[Opening Information provided section]

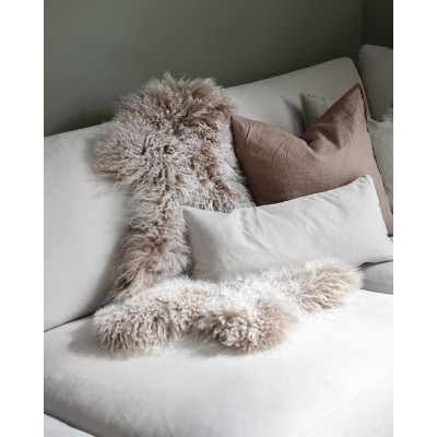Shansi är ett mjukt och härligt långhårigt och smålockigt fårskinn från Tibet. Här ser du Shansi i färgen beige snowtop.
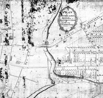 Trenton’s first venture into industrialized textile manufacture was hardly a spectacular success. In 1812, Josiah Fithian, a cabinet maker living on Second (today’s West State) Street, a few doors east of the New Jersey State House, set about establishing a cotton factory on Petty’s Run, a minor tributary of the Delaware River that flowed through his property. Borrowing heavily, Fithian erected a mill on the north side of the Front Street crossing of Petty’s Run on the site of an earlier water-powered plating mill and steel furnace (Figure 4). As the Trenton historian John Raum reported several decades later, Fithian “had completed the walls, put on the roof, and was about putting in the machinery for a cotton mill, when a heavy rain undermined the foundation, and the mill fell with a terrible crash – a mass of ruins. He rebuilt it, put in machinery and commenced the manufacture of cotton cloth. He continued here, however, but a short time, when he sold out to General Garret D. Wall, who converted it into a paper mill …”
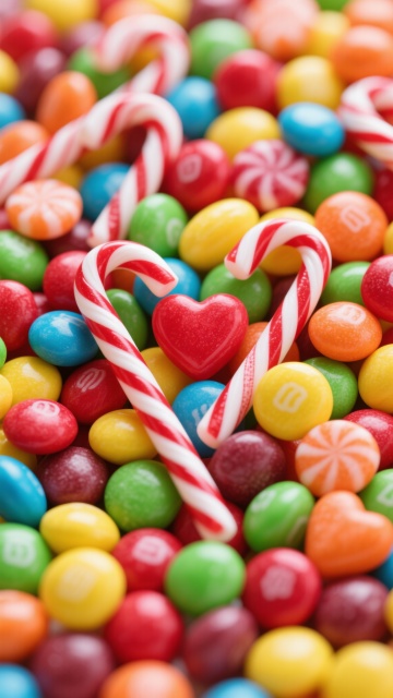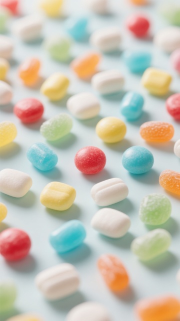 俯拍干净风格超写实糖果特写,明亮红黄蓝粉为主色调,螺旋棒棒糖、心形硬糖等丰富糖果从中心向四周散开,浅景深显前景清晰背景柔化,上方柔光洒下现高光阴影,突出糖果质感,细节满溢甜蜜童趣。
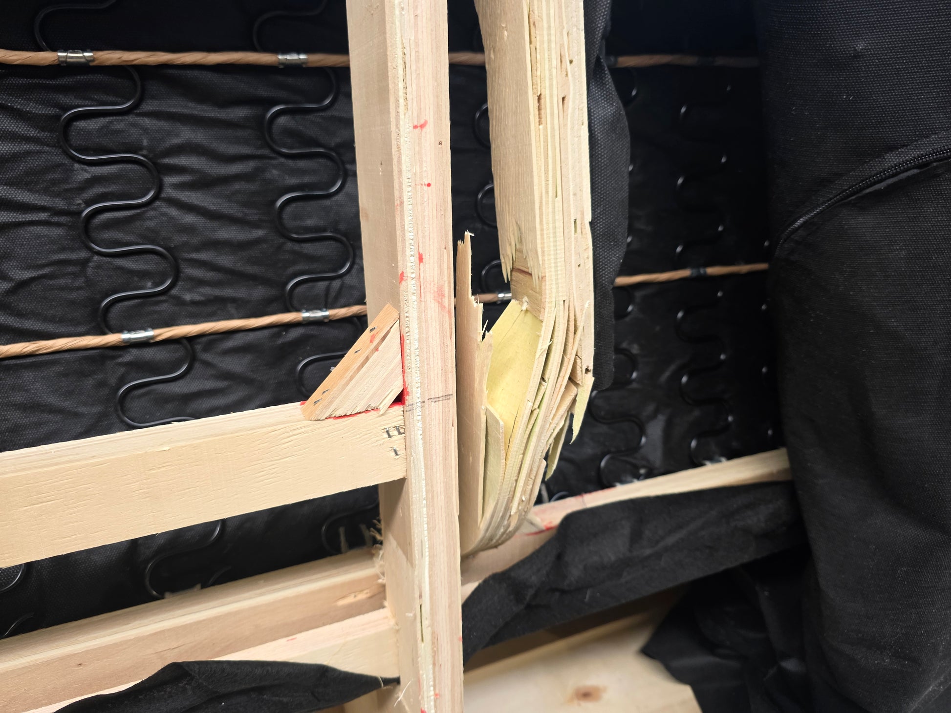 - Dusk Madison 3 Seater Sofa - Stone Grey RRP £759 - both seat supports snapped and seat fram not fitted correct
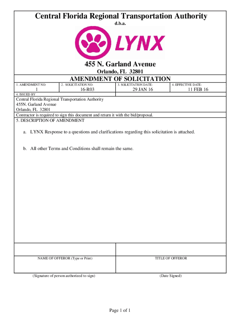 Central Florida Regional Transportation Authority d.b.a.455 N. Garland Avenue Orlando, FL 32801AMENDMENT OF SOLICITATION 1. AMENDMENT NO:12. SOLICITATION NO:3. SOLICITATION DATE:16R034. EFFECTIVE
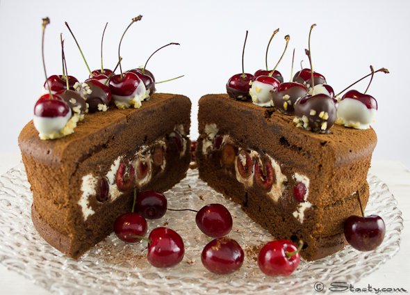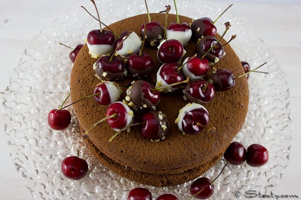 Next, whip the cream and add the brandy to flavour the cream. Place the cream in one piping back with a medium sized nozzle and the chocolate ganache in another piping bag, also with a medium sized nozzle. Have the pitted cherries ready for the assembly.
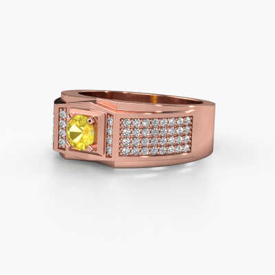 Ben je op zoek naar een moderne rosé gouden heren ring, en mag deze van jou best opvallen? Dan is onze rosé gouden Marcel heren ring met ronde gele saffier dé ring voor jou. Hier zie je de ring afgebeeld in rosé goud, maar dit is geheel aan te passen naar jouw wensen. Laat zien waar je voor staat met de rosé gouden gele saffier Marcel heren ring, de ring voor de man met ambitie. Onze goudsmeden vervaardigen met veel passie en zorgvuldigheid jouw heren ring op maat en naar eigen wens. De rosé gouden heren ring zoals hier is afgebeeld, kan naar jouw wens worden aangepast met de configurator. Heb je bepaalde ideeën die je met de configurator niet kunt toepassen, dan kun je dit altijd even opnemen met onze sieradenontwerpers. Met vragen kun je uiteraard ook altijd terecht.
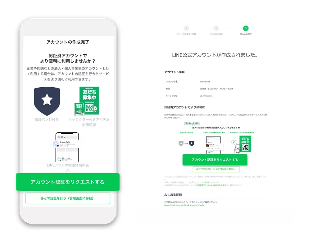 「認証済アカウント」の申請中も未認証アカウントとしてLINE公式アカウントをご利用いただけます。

[Closing Information provided section]

Work instruction
Going by the entries above, repeat exactly the lines that start at the line with "Central Florida Regional" and go on through the line with "Next, whip the". Pictures are not part of the copy.

Result
 Central Florida Regional Transportation Authority d.b.a.455 N. Garland Avenue Orlando, FL 32801AMENDMENT OF SOLICITATION 1. AMENDMENT NO:12. SOLICITATION NO:3. SOLICITATION DATE:16R034. EFFECTIVE
 Next, whip the cream and add the brandy to flavour the cream. Place the cream in one piping back with a medium sized nozzle and the chocolate ganache in another piping bag, also with a medium sized nozzle. Have the pitted cherries ready for the assembly.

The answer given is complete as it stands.